Supplied entries:
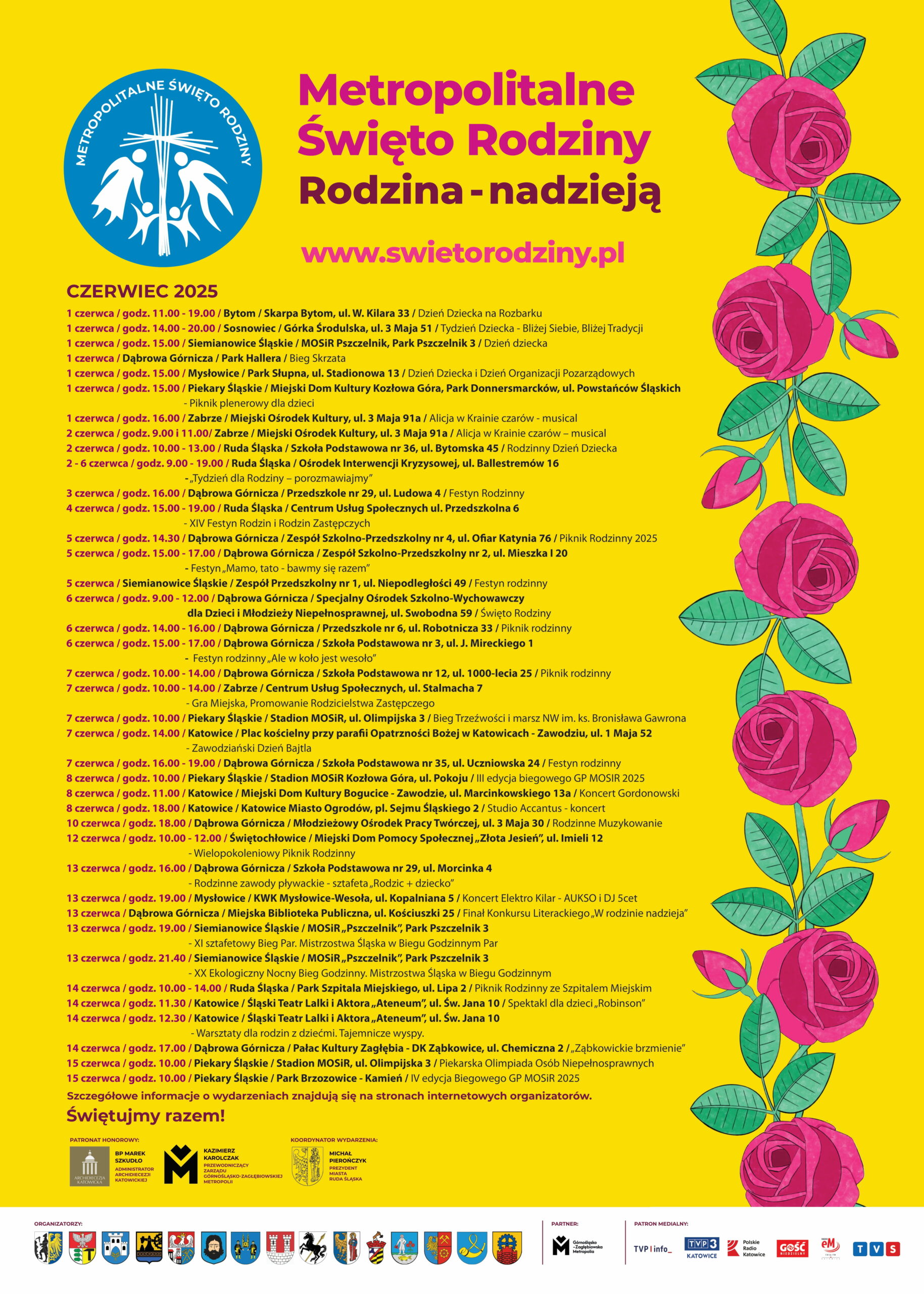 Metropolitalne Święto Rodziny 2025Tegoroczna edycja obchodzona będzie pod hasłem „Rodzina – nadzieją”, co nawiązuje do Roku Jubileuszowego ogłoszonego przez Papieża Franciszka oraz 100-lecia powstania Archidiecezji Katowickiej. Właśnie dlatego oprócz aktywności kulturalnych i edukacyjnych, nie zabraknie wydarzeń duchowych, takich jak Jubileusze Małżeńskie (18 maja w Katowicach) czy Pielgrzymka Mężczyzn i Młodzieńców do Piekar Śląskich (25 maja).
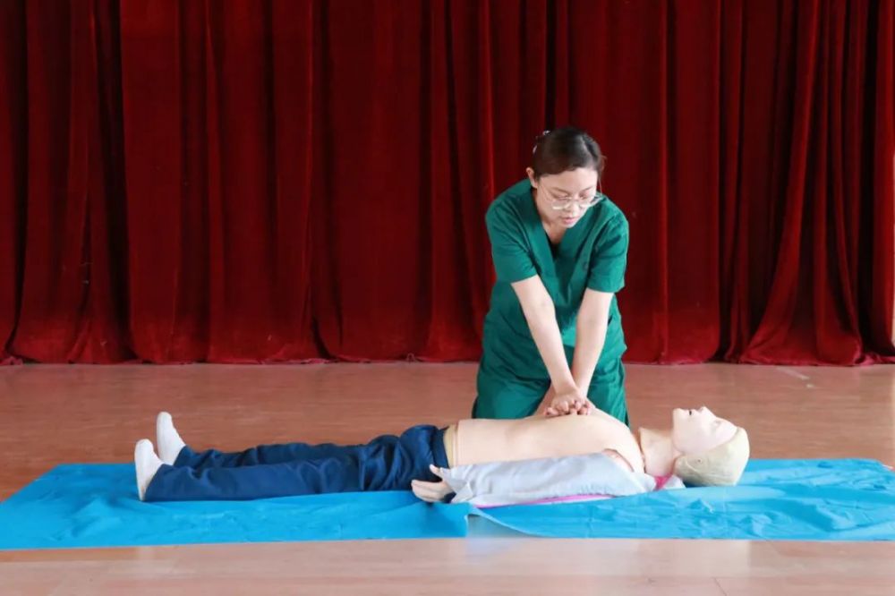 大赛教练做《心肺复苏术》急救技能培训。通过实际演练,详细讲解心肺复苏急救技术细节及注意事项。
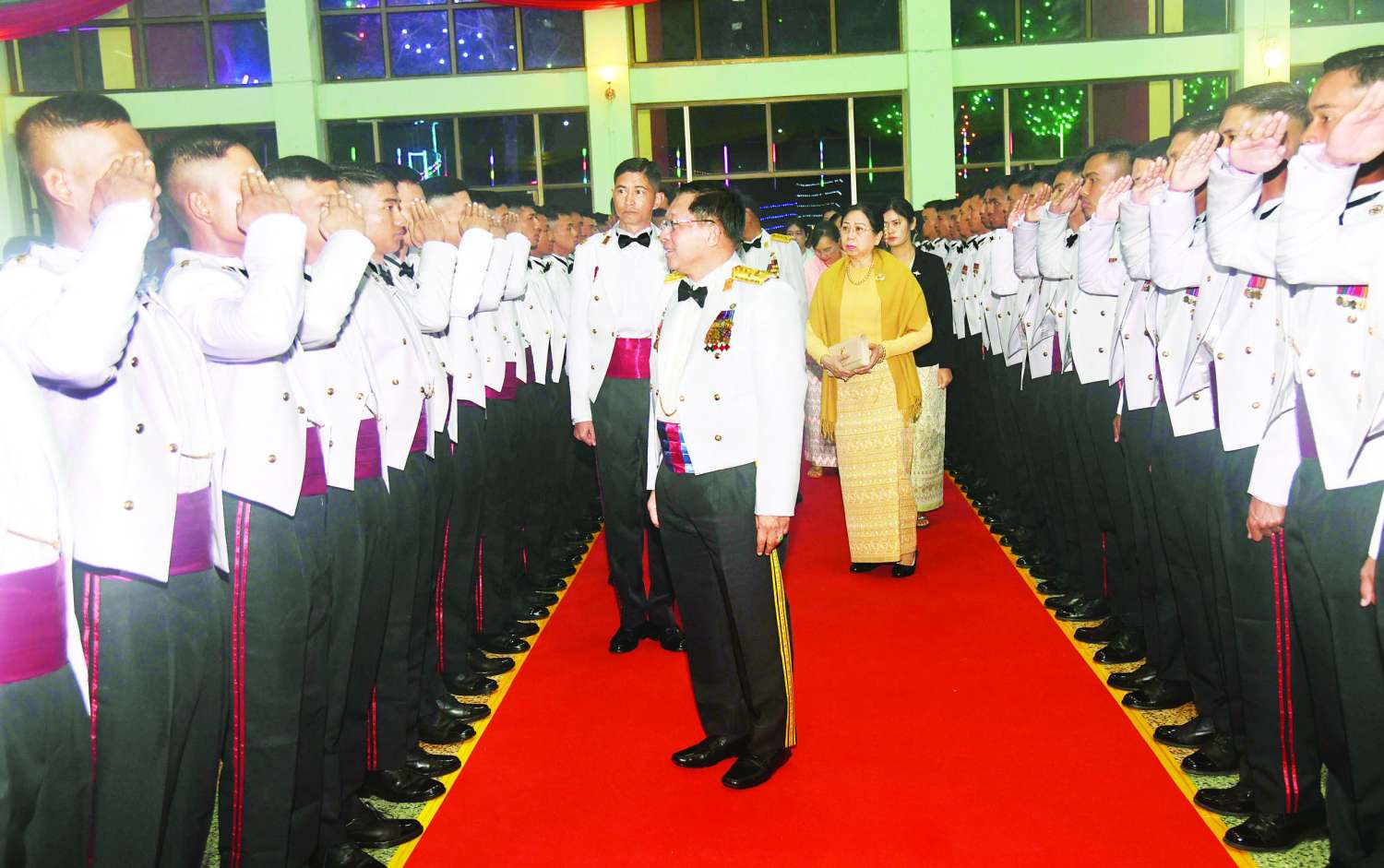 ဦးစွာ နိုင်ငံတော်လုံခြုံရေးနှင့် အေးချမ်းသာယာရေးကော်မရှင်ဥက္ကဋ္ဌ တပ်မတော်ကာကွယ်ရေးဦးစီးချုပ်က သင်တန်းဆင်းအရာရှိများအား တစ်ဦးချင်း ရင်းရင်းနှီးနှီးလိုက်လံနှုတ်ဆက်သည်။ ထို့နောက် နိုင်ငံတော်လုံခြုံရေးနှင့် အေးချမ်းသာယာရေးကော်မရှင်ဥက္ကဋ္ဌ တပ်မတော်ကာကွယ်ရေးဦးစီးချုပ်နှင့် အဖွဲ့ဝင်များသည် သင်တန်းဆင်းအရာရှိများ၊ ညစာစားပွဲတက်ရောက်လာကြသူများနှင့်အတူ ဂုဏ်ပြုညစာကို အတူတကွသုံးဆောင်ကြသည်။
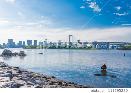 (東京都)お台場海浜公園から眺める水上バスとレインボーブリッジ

--

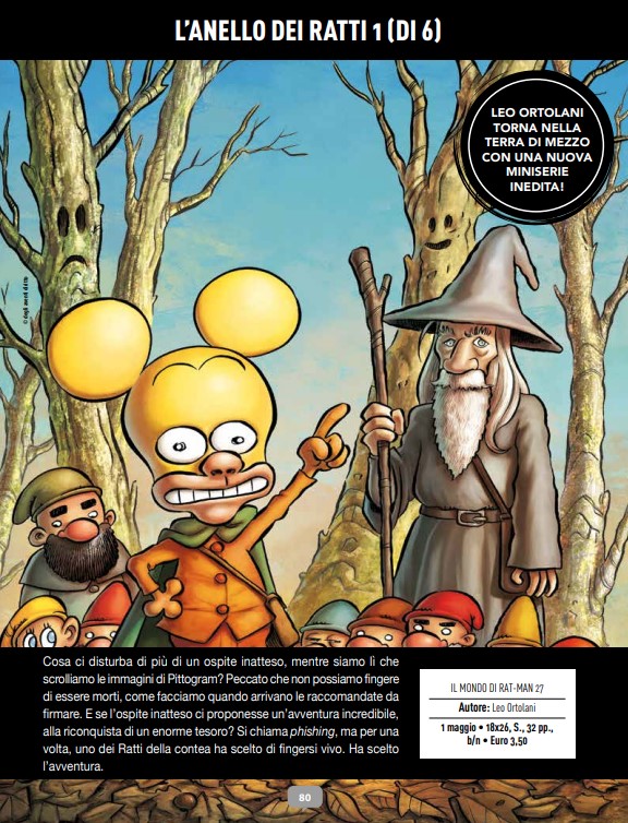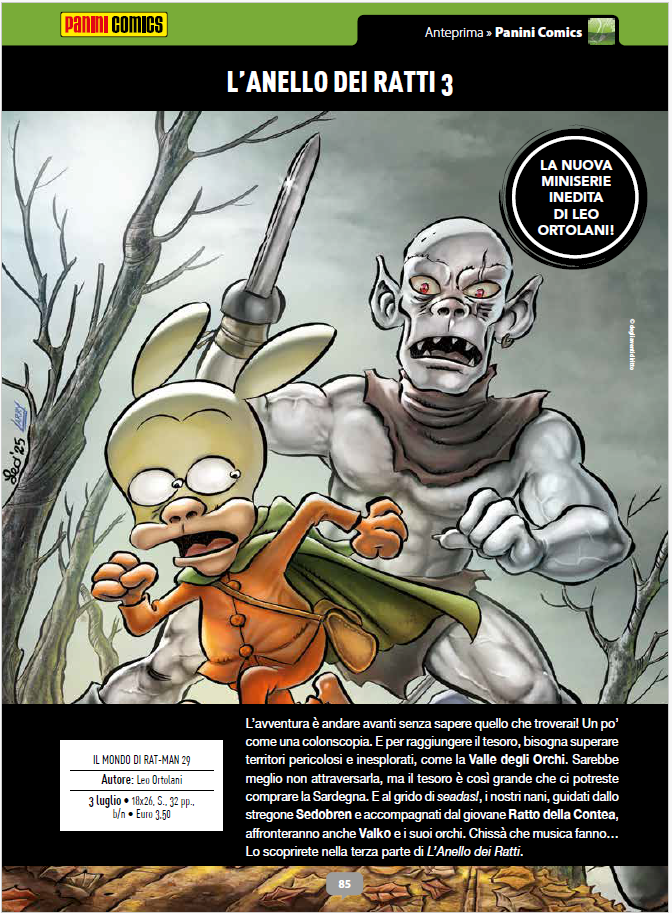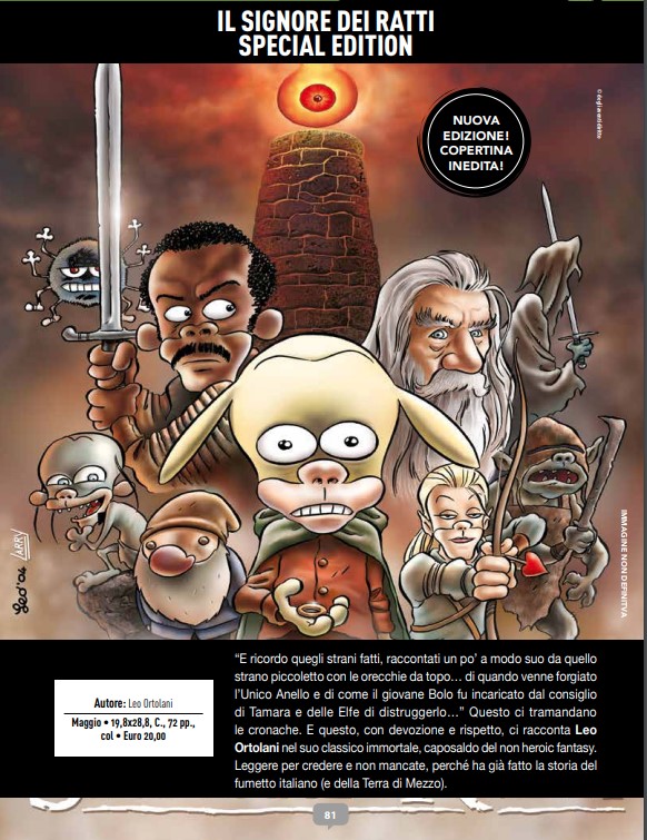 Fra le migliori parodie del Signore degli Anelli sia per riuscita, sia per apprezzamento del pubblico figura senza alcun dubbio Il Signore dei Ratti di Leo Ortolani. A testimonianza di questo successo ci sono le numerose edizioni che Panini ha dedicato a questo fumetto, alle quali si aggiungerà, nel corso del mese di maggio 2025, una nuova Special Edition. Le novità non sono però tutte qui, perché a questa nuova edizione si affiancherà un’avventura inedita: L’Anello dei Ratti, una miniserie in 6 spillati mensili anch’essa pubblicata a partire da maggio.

Directions for this task: If a picture sits between the line containing "Metropolitalne Święto Rodziny" and the line containing "大赛教练做《心肺复苏术》急救", leave it out, and return the lines of that range above exactly, both ends included.

Result of the exercise:
 Metropolitalne Święto Rodziny 2025Tegoroczna edycja obchodzona będzie pod hasłem „Rodzina – nadzieją”, co nawiązuje do Roku Jubileuszowego ogłoszonego przez Papieża Franciszka oraz 100-lecia powstania Archidiecezji Katowickiej. Właśnie dlatego oprócz aktywności kulturalnych i edukacyjnych, nie zabraknie wydarzeń duchowych, takich jak Jubileusze Małżeńskie (18 maja w Katowicach) czy Pielgrzymka Mężczyzn i Młodzieńców do Piekar Śląskich (25 maja).
 大赛教练做《心肺复苏术》急救技能培训。通过实际演练,详细讲解心肺复苏急救技术细节及注意事项。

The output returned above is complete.